Running combat was so fun. And running in Hârn even more so. _


----------



## Broccli_Head (Sep 3, 2004)

*The Sons of Ilvir *

Orthor of Then, reserve _manus_ from the Gerium Legion, strained his eyes. He kept thinking that he saw movement among the rocks and trees below. 

"Bahh! It is just shadows and mist," he told himself as he kept watch. 

Tivir, the Shirnan Legionnaire had volunteered for bed, not for guard duty like Orthor had. Behind him, still in the front cave, the strange Rethemi muttered prayers he hoped to Larani, like he suspected, and not to Agrik like most of the murderous men from Rethem did. Granted, there were Agrikans in Tharda, but they seemed to be much less bloodthirsty, at least in Orthor's experience. The Kuboran barbarian also made him nervous. That one had harassed his injured lieutenant until the _Manus milites_ had chased him away. Now, even though the easterner had checked his wounds, he could hear his superior officer groaning in the throes of a fever. 

"Good job, mate. Ya scared 'em away," came a voice from his right flank. 

He half-spun to that side, leveling his spear, but keeping his tower shield to the front.

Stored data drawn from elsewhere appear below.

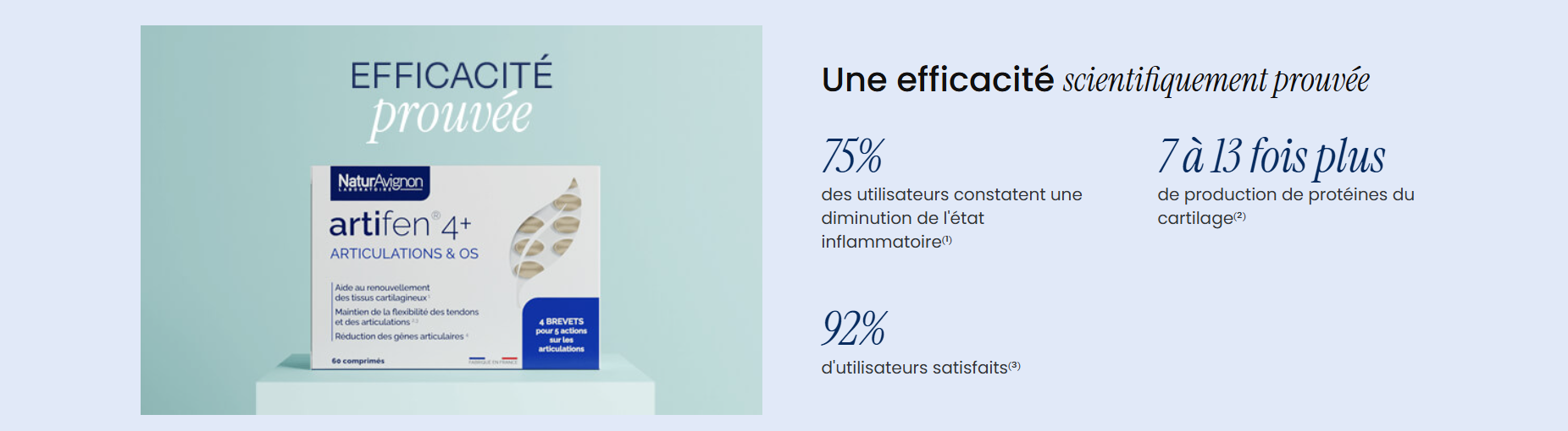 Le complément alimentaire Artifen 4+ a été spécialement formulé pour améliorer le confort articulaire.
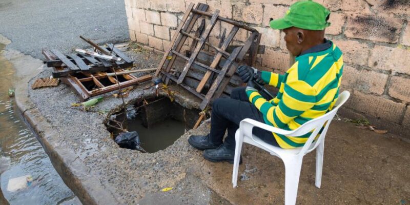 Criadero de mosquitos y peligro peatonal por imbornal destruido en Santo Domingo Este
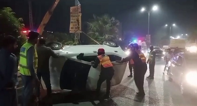 کار ڈرائیور کے مطابق دوران ڈرائیونگ اچانک میری آنکھوں کے سامنے اندھیرا آگیا اور گاڑی فٹ پاتھ سے ٹکرا گئی اور ٹائرپھٹنے کی وجہ سے الٹ گئی تاہم کارمیں بیٹھے افراد محفوظ رہے جبکہ کار بری طرح تباہ ہوگئی،

He lowered his guard as he saw that the younger of the two woodsmen who had saved their lives from the ambush smile broadly. 

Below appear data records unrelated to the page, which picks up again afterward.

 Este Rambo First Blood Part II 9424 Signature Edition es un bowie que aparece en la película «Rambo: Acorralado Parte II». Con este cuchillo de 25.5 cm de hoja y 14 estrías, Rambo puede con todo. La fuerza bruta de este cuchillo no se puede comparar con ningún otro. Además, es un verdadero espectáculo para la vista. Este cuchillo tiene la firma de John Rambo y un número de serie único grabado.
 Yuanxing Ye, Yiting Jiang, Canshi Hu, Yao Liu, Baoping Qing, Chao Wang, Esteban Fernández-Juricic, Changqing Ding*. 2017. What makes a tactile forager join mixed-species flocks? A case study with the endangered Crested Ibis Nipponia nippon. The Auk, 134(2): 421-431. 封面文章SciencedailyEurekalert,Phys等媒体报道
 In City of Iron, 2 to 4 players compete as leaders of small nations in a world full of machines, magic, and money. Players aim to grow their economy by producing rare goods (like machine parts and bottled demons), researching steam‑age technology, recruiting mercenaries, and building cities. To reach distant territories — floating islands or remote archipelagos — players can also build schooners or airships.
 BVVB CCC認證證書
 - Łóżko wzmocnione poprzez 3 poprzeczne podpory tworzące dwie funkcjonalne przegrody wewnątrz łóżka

"Please, don't do that again!" hissed the legionnaire. 

Orthor made a face, wanting to hold his nose. The boy stank. 

Acknowleding his expression, the lad replied,"That's the idea, bub, and it worked too." 

The legionnaire shook his head, and thought, _Strange folk these northerners._ 

He watched as the young man went towards the back cave presumably to talk with his elder, and then turned back to resume his watch. 

** 

Halifax removed the hyeka-gargun "scale" mail and let it clink to the ground. He broke an icicle from the roof of the cave and did his best to wash away the smell and drown the fleas, and then he put on his traveling leathers and leaned against the wall. The traehan watched and then waited until the younger man had settled. 

"Well?" 

"You were right. It's warming up and a fog is rising. We should be well covered by sun-up." 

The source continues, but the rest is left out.